One of the most powerful aspects of Montoya’s presence is her intersectional identity as a Latina lesbian. Here, we see the axes of womanhood, race, and sexual orientation coalesce. After Two-Face outs her within her arc in Gotham Central, we get to explore the trauma of having our identities laid bare to the world without our consent. From here, things seem to spiral for Montoya, as her relationship eventually dissolves and she takes up drinking. Montoya deals with her personal trauma in very real ways and in a manner which I feel better humanizes women of color, lesbians, and queer women, and people who fit the intersection of these identities. Montoya gives a face, sometimes not quite so literally, to the experiences of queer women of color and the difficulty they face navigating careers.


What I enjoy about Montoya is that she faces challenges head on, but has also felt the sting of existential disappointment. Her journey to becoming the question wasn’t easy and happened to be filled with dark nights and less than savory characters. Yet, despite her past trauma and setbacks, she found a way to come back as someone she was proud of, carrying on the Question’s legacy. She also forged important relationships with other women in the DCU, further cementing her importance as a character.

When we look at things like trauma, substance use, survival, and coping with life’s curveballs, we need to see a diverse range of people. White cis-hetero men and women dealing with these issues helps to some extent, but we must also recognize that the same struggles in different identities have a differential impact. This reason is why I strongly advocate for the importance of Renee Montoya. She asserts herself despite her circumstances and manages to turn her pain and trauma into something positive for other people. In those moments where she succumbs to her humanity, she is still a great avatar for examining how we as people, but also people who are women, Latina, queer, or any combination of these, cope with difficult events that fall into our laps.

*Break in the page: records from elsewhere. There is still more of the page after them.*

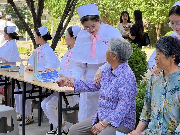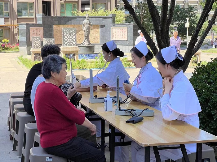 首先,志愿者们首先为老人们进行血压测量、血糖测量、健康宣教等志愿服务,并为老人进行面对面的疑惑解答:其次开展慰问演出,《歌唱祖国》《我爱你中国》等红歌、舞蹈节目形式多样,精彩纷呈。此外,志愿者们还陪伴老人们聊天、做游戏,现场满是欢声笑语,老人们的脸上洋溢着幸福的笑容。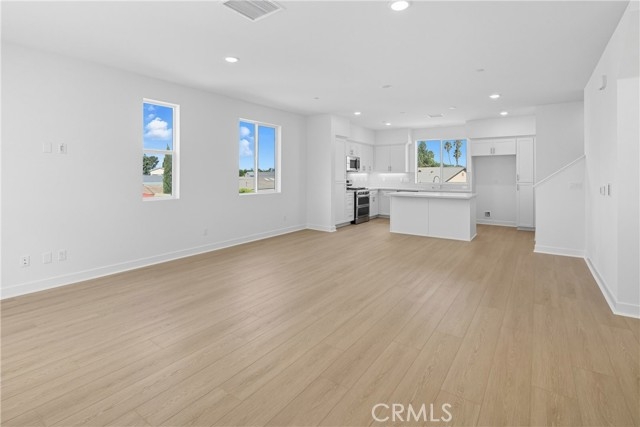 Discover elevated living at Townes at Orange, an exclusive enclave of just 24 brand-new townhomes offering modern design and a prime location near shopping, dining, and major freeways. This move-in ready Plan 4X home features 3 bedrooms + a den, 2 full baths, and 2 half baths across approximately 1,971 sq. ft. of beautifully designed space. Nestled toward the back of the community for added privacy, this upgraded end-unit home offers a bright, open-concept layout perfect for modern living. Enjoy a spacious great room that flows seamlessly into a private balcony, ideal for relaxing or entertaining. The chef-inspired kitchen shines with quartz countertops, a large island, stainless steel appliances, white shaker cabinetry, and designer finishes throughout. The thoughtful floorplan includes a first-floor bedroom with a full bath for guests or a home office, while the upstairs den adds versatility for your lifestyle needs. Additional highlights include walk-in closets, an indoor laundry room with side-by-side hookups, smart home features like a Ring doorbell and smart thermostat, and carefully curated upgrades that bring sophistication and comfort to every space. Move in today and experience the perfect blend of style, convenience, and community living at Townes at Orange.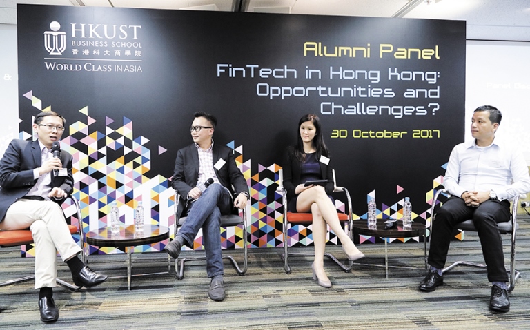 The week-long FinTech events began with a session at which alumni shared their insights and experiences regarding opportunities and challenges amid the rise of FinTech. Three entrepreneurs took part: Samson Lee (MBA/MSc), Co-founder of Ethereum South China and South Asia, a decentralized platform that runs smart contracts applications; Jonathan Lee (BBA in Finance), Co-founder of 300cubits, a blockchain initiative relieving the “pain points” within the container shipping industry; and Bianca Ho (BBA in Global Business), Co-founder of Clare.AI, an end-to-end digital assistant solution which focuses on real data from the financial industry.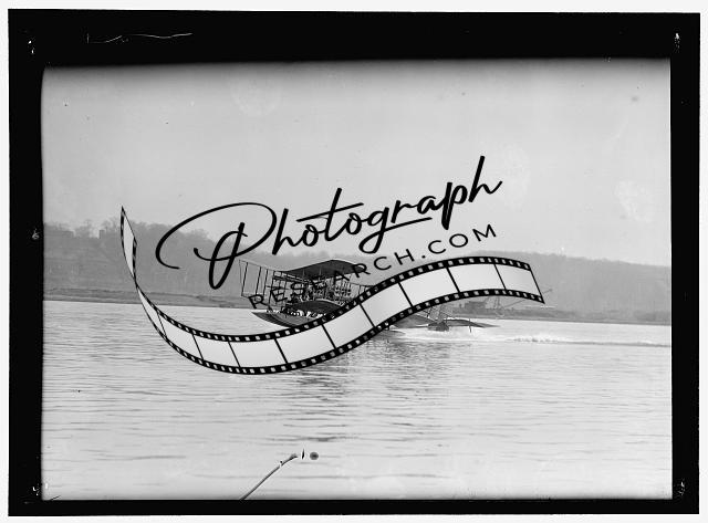 Richardson Tandem Biplane Hydroplane taking off on Potomac River,April 1916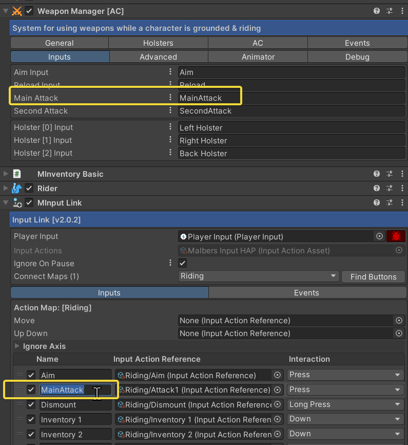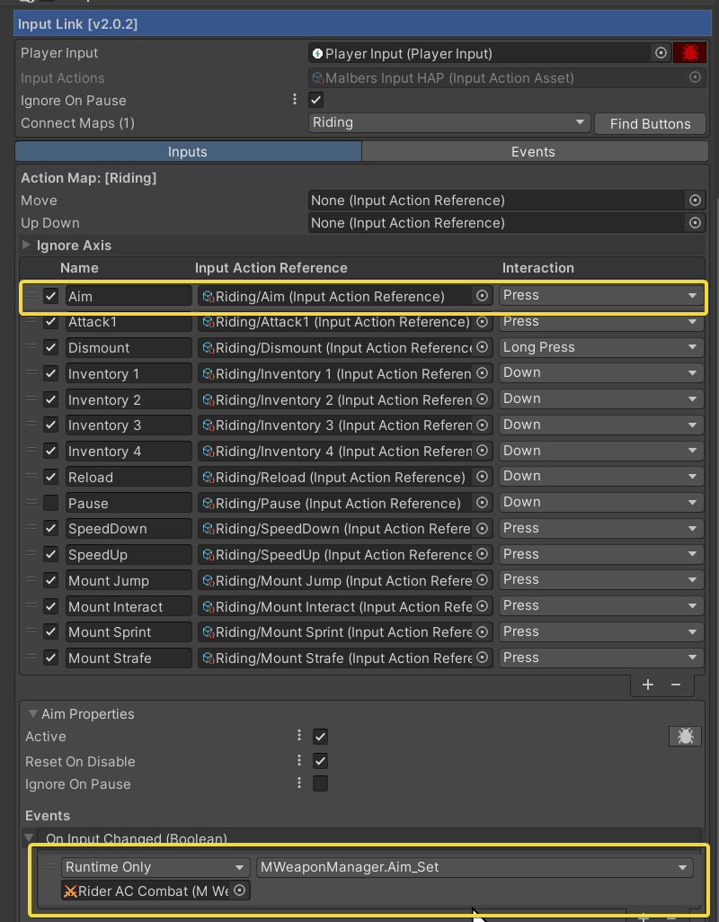 Here are the **Malbers Input HAP**, "**Riding" Map,** Input Action connections. Remember to check the **Interaction** on each Input Action. This will be the Inputs&#x20;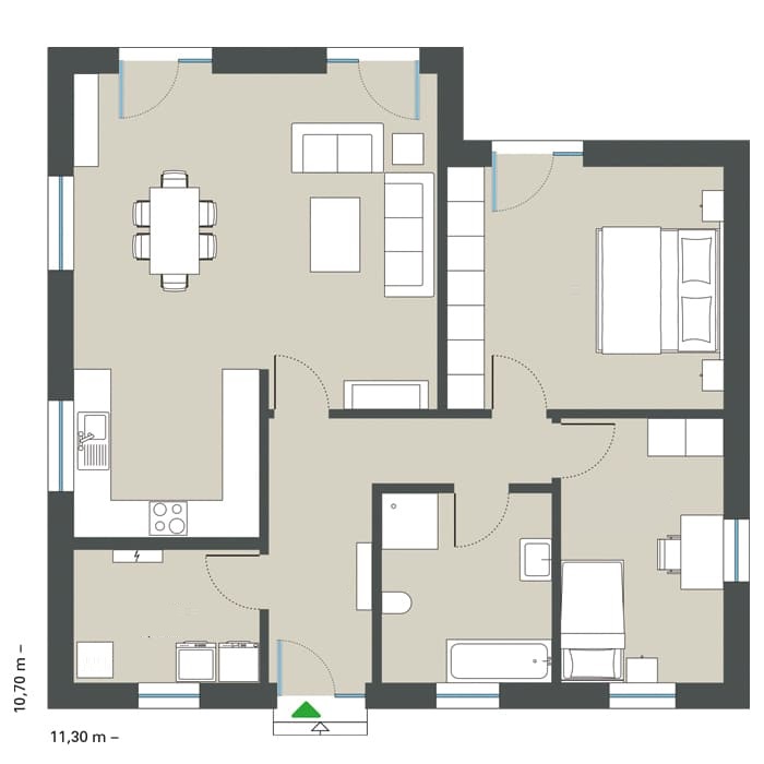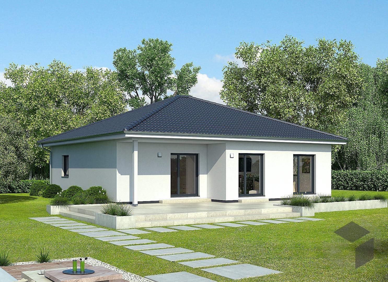 Klasična montažna kuća sa natkrivenom terasom sa strane bašte i svetlim dnevnim boravkom i trpezarijom. Sa kvalitetnim prozorima od poda do plafona. Sa dve spavaće sobe i prostranim dnevnim boravkom. Ukupna površina kuće je 120.91 kvadratnih metara.

Also, when bringing up intersectionality, we cannot only focus on these identities alone, but also how systems of oppression are likely to fall on Montoya’s shoulders. As a woman, Two-Face treated her as a commodity, then eventually using her identities against her. After he outed her, she faced significant turmoil with her family. While I’m not Latina or a lesbian, I am definitely familiar with navigating systems of oppression as a Black gay man. For Montoya, she faced the reality of being disowned by her religious family, a struggle many queer people of color face. Cis-hetero men also see fit to police women’s identities and actions, especially when they are attracted to them. While tragic, Two-Face’s actions toward Montoya are not uncommon, and many men see fit to do what they can to ‘correct’ queer women so they can have them, often to violent and aggressive means.

Using Montoya as an avatar of healing could be transformative for many people, particularly Latina and other queer women of color. Sometimes facing trauma through the pages of a comic book can create enough distance to allow people to cope. Then considering Montoya’s transformation into the question, and just general bad-assery throughout her comics run, she becomes a symbol of power, growth, and healing. Montoya has some really astounding qualities, especially considering she’s reached the precipice of murder only to turn back on more than one occasion. The good, the bad, and the in-between highlight the power of Montoya as a character and why I’ve enjoyed reading stories with her.


I have barely scratched the surface of how awesome Montoya is, and writing this makes me want to extensively work through her history. She is powerful, determined, and capable of creating healing for herself even at her lowest. I highly encourage you to check out Gotham Central, which features significant stories about her, and 52, which kept her in the spotlight at DC for over a year.